Riot police used tear gas and pepper spray to quash protests over the weekend. However, Hong Kong authorities have since pulled back and no longer plan to take immediate action, a source close to Leung said on Wednesday.

Without an expansive location like Tiananmen Square in which to organize, the demonstrators in Hong Kong have often blocked city streets, a tactic that Chai Ling, who headed the protesters' headquarters at Tiananmen Square, warned against.

"People who want to go to work, must be able to go to work," said Chai in a phone interview from Boston where she runs All Girls Considered, a group seeking to end China's one-child policy.

Students in Tiananmen Square actually helped facilitate traffic on Chang'an Avenue, one of the main arteries leading into the area of the square.

Shen Tong, who co-chaired a delegation of students at Tiananmen Square that spoke with the Chinese government about protesters' demands, said they ran an organized mini-city at Tiananmen for months and "everyone was on their best behavior."

Shen said he is hopeful Hong Kong protesters, who have been cleaning up trash at their demonstration sites and maintained a non-violent approach, can capitalize on such behavior.

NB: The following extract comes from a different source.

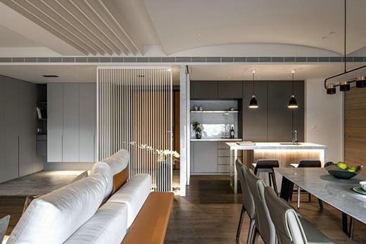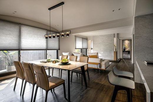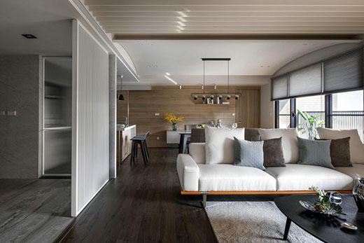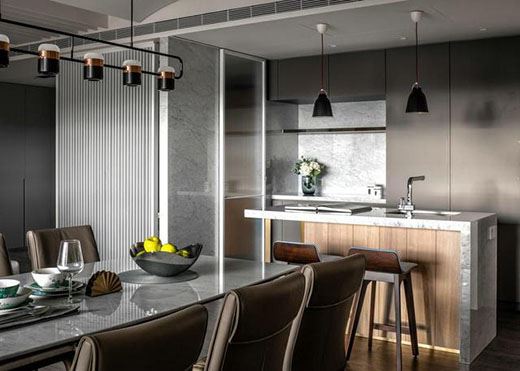 客廳連接的是餐廚一體式的開放空間,讓整個家居的使用變得利落了起來。暗黑色的木質(zhì)地板與低調(diào)簡單的魚肚大理石墻面形成鮮明對比,落地式的三扇窗戶讓空間透亮起來。

However, the surge of Hong Kong people who joined the movement to show solidarity after riot police used tear gas on protesters will likely ebb as the authorities have backed off, said Shen, who now lives in New York and runs VFinitiy, a software company.

Zhang Boli, who organized student hunger strikes at Tiananmen and who now runs a Christian church in eastern Los Angeles, said that while protesters may face a battle to maintain the momentum of their movement, he doesn't think they will face a brutal crackdown.

"China will not use tanks and guns in Hong Kong," because the current leadership is more concerned with the potential international response than leaders in 1989, Zhang said.